More specifically, the plate thickness on the base portion 1b side
of the formed portion 1 in the pushing direction 1c is thicker than
the plate thickness on the apex portion 1a side of the formed
portion 1. In other words, the plate thickness of the formed
portion 1 decreases gradually in the pushing direction 1c from a
rear end side (the base portion 1b side) toward a tip end side (the
apex portion 1a side). The reason for this uneven plate thickness
distribution is that when the formed portion is formed in the
forming process S1, the apex portion 1a side is stretched to a
greater extent than the base portion 1b side.

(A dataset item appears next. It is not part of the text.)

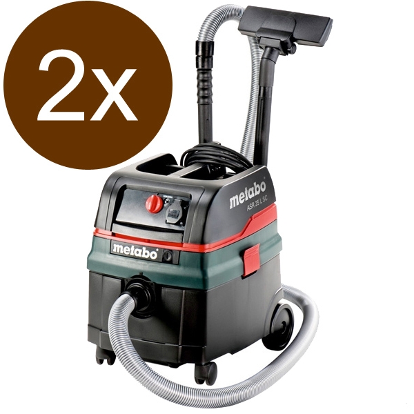 2 x Metabo - ASR 25 L SC - Aspirator umed-uscat, 1400 W, 248 mbar, 25 l, priza scule electrice, comutator curatare filtru:
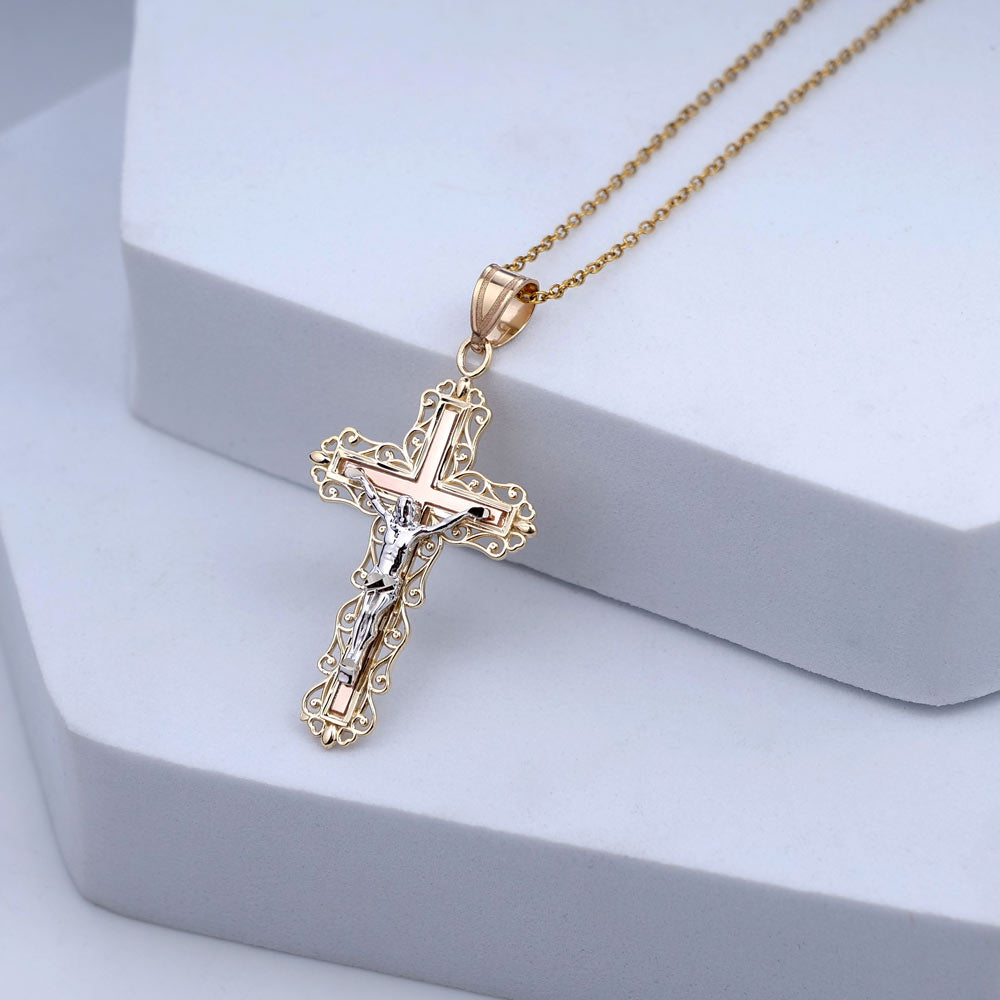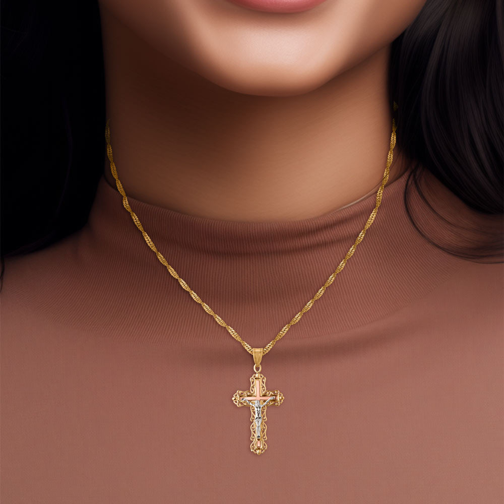 | In Depth | 14K Tri-color Diamond-cut Crucifix Pendant. Weight: 2.97 grams. |

Note that a plate
thickness reduction rate may be constant or uneven in the pushing
direction 1c. The reduction rate is a value obtained by dividing a
difference between a plate thickness t.sub.1 in a predetermined
position and a plate thickness t.sub.2 in a position removed from
the predetermined position by a unit distance d toward the tip end
side by the unit distance d (=(t.sub.2-t.sub.1)/d).
[0032] FIG. 5 is a sectional view showing an ironing mold 2 used in
the ironing process S2 shown in FIG. 1, and FIG. 6 is an enlarged
illustrative view showing a periphery of a shoulder portion 211
during the ironing process performed on the formed portion using
the ironing mold 2 shown in FIG. 5. In FIG. 5, the ironing mold 2
includes a punch 20 and a die 21. The punch 20 is a convex body
that is inserted into the formed portion 1 described above. An
outer peripheral surface 20a of the punch 20 extends rectilinearly
parallel to the pushing direction 1c into a pushing hole 210.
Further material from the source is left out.